Errors are 10, 10, 40. |errors| average = 60/3 = 20 (MAE). errors² = 100+100+1600 = 1800, /3 = 600 (MSE). RMSE = √600 ≈ 24.49.

Short AnswerQ12Bias-Variance

Explain the bias-variance tradeoff in your own words, and why we cannot eliminate both.

Model answer

Bias is error from a model that is too simple (it underfits — wrong on both training and test data). Variance is error from a model that is too complex (it overfits — memorises noise, great on training but poor on test). Making a model more complex lowers bias but raises variance, and simplifying it does the reverse — so reducing one tends to increase the other. The goal is the "sweet spot" that balances them to minimise total error on unseen data.

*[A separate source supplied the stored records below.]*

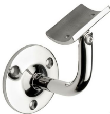
SA - 410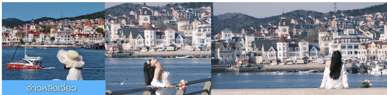
อ่าวหลิงเจี้ยว

** ชำระค่าทัวร์ในนาม บริษัท นิดน้อย ทราเวล จำกัดเท่านั้น **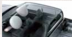
Airbags frontales (conductor y acompañante) y de rodilla (conductor).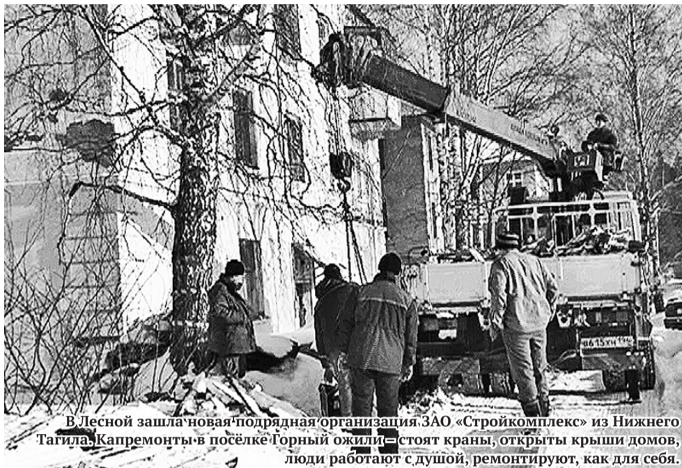
В Лесной зашла новая подрядная организация ЗАО «Стройкомплекс» из Нижнего Тагила. Капремонты в посёлке Горный ожили – стоят краны, открыты крыши домов, люди работают с душой, ремонтируют, как для себя.

КРОУСОВ. – Сейчас в Лесной зашли новые подрядные организации, которые на сегодняшний день начали активно работать.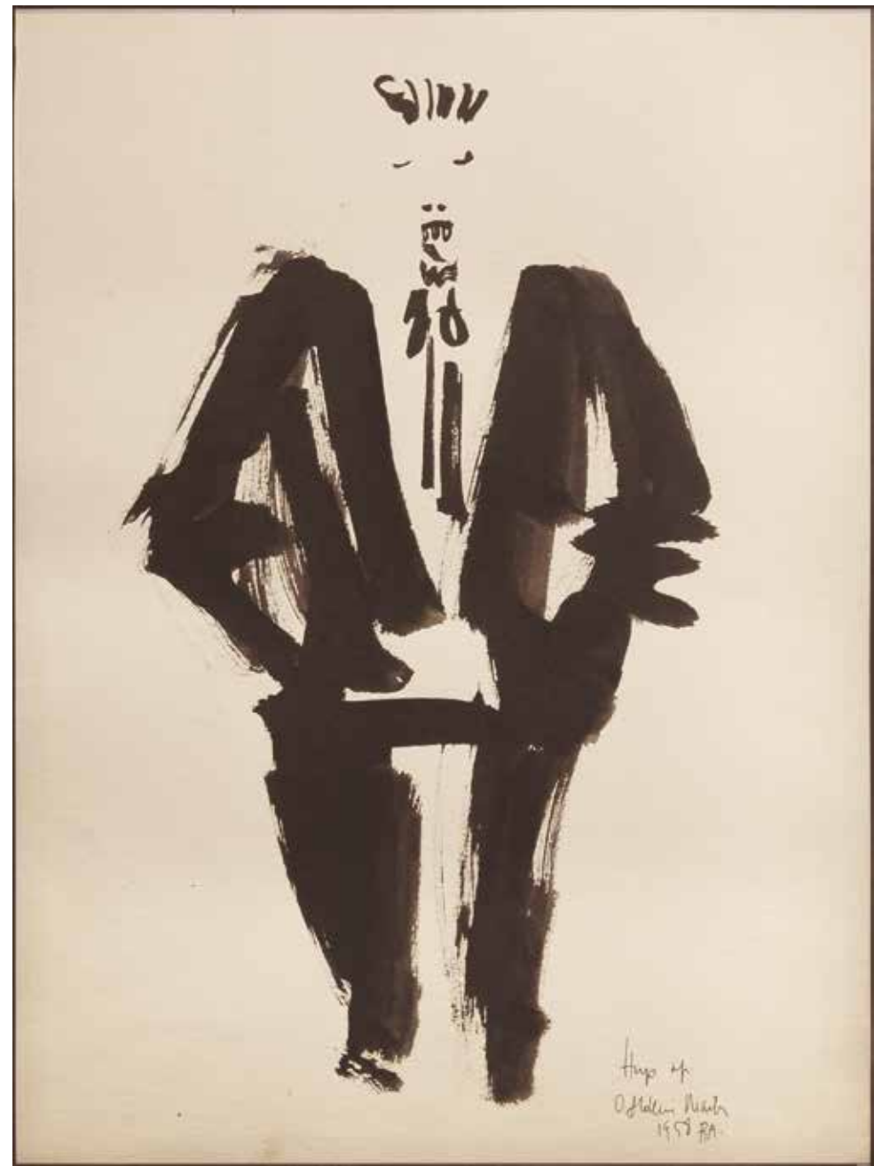
Hugo Pratt Tinta sobre papel - Año: 1958 Medidas: 40 x 30 cm

🎯 Lecture 5 — must-remember Confusion matrix: TP/TN/FP(Type I)/FN(Type II). Precision = TP/(TP+FP); Recall = TP/(TP+FN); F1 = harmonic mean. Regression: MAE (robust), MSE (punishes big errors), RMSE = √MSE, R² = 1−RSS/TSS. Underfitting = high bias; overfitting = high variance. K-fold CV trains & tests K times.